I did the png conversion but skipped the regularization weight and data augmentation adjustments, and now it actually works with Mapillary Vistas. For completeness, I will list all necessary steps in this message, although most of them are copied from my previous messages.
- Image and label resizing using Python:
#!/usr/bin/env python3
import os
import cv2 as cv
import numpy as np
from PIL import Image
TRAIN_IMAGE_DIR = '/path/to/mapillary_vistas_2/training/images'
TRAIN_LABEL_DIR = '/path/to/mapillary_vistas_2/training/v2.0/labels'
VAL_IMAGE_DIR = '/path/to/mapillary_vistas_2/validation/images'
VAL_LABEL_DIR = '/path/to/mapillary_vistas_2/validation/v2.0/labels'
image_dirs = [TRAIN_IMAGE_DIR, VAL_IMAGE_DIR]
label_dirs = [TRAIN_LABEL_DIR, VAL_LABEL_DIR]
target_size = (512, 512)
dir_suffix = '_{}x{}'.format(*target_size)
def resize_image(filename_old, filename_new):
image = cv.imread(filename_old, cv.IMREAD_UNCHANGED)
image = cv.resize(image, dsize=target_size, interpolation=cv.INTER_AREA)
cv.imwrite(filename_new, image)
def resize_label(filename_old, filename_new):
image = np.array(Image.open(filename_old).convert('P'))
image = cv.resize(image, dsize=target_size, interpolation=cv.INTER_NEAREST)
cv.imwrite(filename_new, image)
def process_dir(dirname_old, resize_fun):
dirname_new = os.path.normpath(dirname_old) + dir_suffix
if os.path.exists(dirname_new):
print('{} already exists, skipping'.format(dirname_new))
return
os.mkdir(dirname_new)
files = os.listdir(dirname_old)
for f in files:
filename_old = os.path.join(dirname_old, f)
filename_new = os.path.join(dirname_new, f)

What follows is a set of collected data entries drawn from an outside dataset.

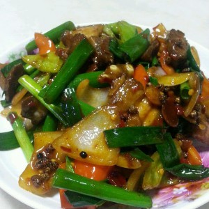 锅热加油倒入滕椒和干辣椒炒香后,加入姜蒜炒至蒜变金黄,加入一勺郫县豆瓣酱炒香炒出红油,加入洋葱和青红椒翻炒再放入酱油,耗油,料酒
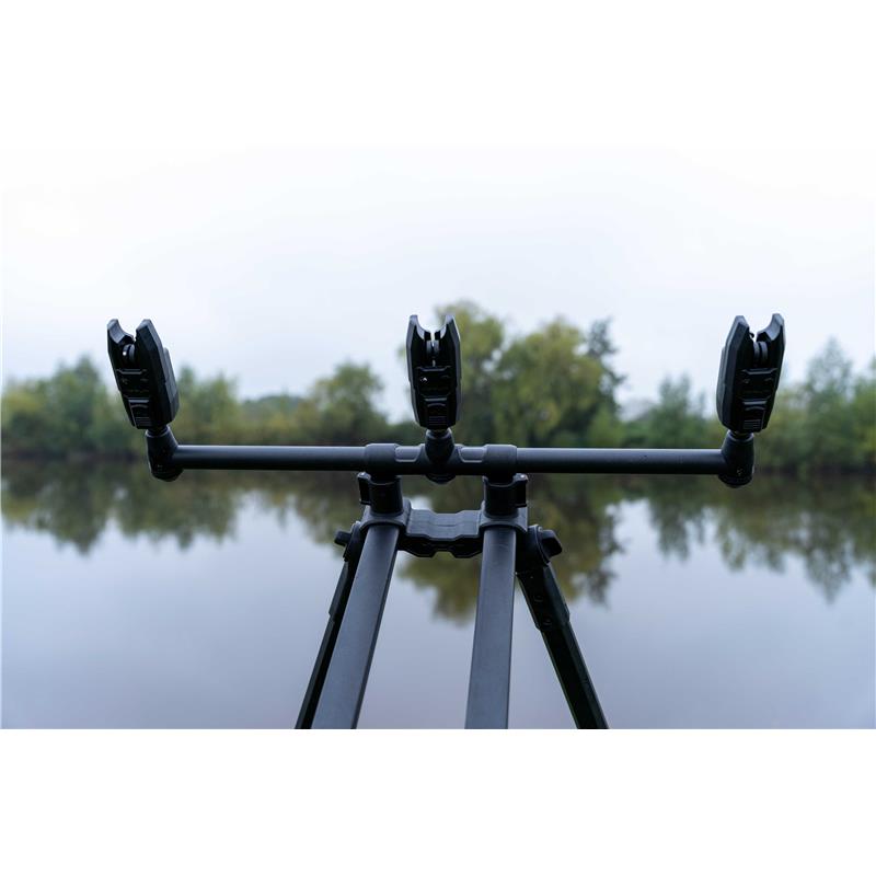 Wykonany z kombinacji podwójnych ram antyskrętnych z regulacjami cam-locks, trójnóg na 3 wędki zapewnia maksymalną stabilność i wszechstronność. Podwójna rama może być wydłużana podczas użytkowania, ale łatwo się składa dzięki systemowi cam-locks, co sprawia, że jest kompaktowy podczas transportu. Trójnóg jest lekki i praktyczny, waży tylko 2,1 kg. Belki buzz bar na 3 wędki są solidne i przymocowane za pomocą mechanizmów typu cam, co umożliwia szybki montaż i demontaż. Mocowanie w dwóch punktach całkowicie eliminuje ryzyko skręcenia lub nierównowagi. Tylny buzz bar jest podwyższony, aby umożliwić łatwe umieszczenie trzech dużych kołowrotków. Przednie nogi można ustawić pod niemal dowolnym kątem i ich wysokość także reguluje się dzięki systemowi typu cam. • Nogi rozciągają się od 1 m do 1,85 m. • Dostarczany z pokrowcem transportowym.
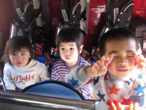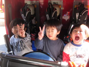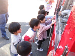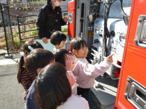 消防車の中で写真を撮ったり、「これな~に?」と質問したり興味津々の子どもたち!

resize_fun(filename_old, filename_new)
for d in image_dirs:
process_dir(d, resize_image)
for d in label_dirs:
process_dir(d, resize_label)
- Jpg-to-png conversion (this could probably be easily done by modifying the Python script above, but since I had already run it, I used
convert
instead):
mkdir /path/to/mapillary_vistas_2/training/images_512x512_png
for f in /path/to/mapillary_vistas_2/training/images_512x512/*.jpg
do
convert "$f" /path/to/mapillary_vistas_2/training/images_512x512_png/$(basename "$f" .jpg).png
done
mkdir /path/to/mapillary_vistas_2/validation/images_512x512_png
for f in /path/to/mapillary_vistas_2/validation/images_512x512/*.jpg
do
convert "$f" /path/to/mapillary_vistas_2/validation/images_512x512_png/$(basename "$f" .jpg).png
done
- Docker launch:
docker run -it --gpus all \
-v /path/to/mapillary_vistas_2:/mapillary_vistas_2:ro \
-v /path/to/my_folder:/workspace/my_folder \
nvcr.io/nvidia/tlt-streamanalytics:v3.0-py3
- Model download (note that this is using TAO although the docker image is TLT):
ngc registry model download-version nvidia/tao/pretrained_semantic_segmentation:resnet18
- Spec file and training command:
model.txt (19.5 KB)
unet train \
-e /workspace/my_folder/model.txt \
-m /workspace/pretrained_semantic_segmentation_vresnet18/resnet_18.hdf5 \
-r /workspace/my_folder/output \
-k my_key
This is the training loss:
And this is the inference result:
Things to note:
- Automatic mixed precision was not used
- All images were png
- All image aspect ratios matched the network input aspect ratio
- All images actually had the same size as the network input, but I assume this is not necessary
Also, when resizing labels, it is important to make sure that the output is in single-channel format, and that the interpolation method is chosen such that no spurious labels are introduced. The above Python scripts does the resizing properly.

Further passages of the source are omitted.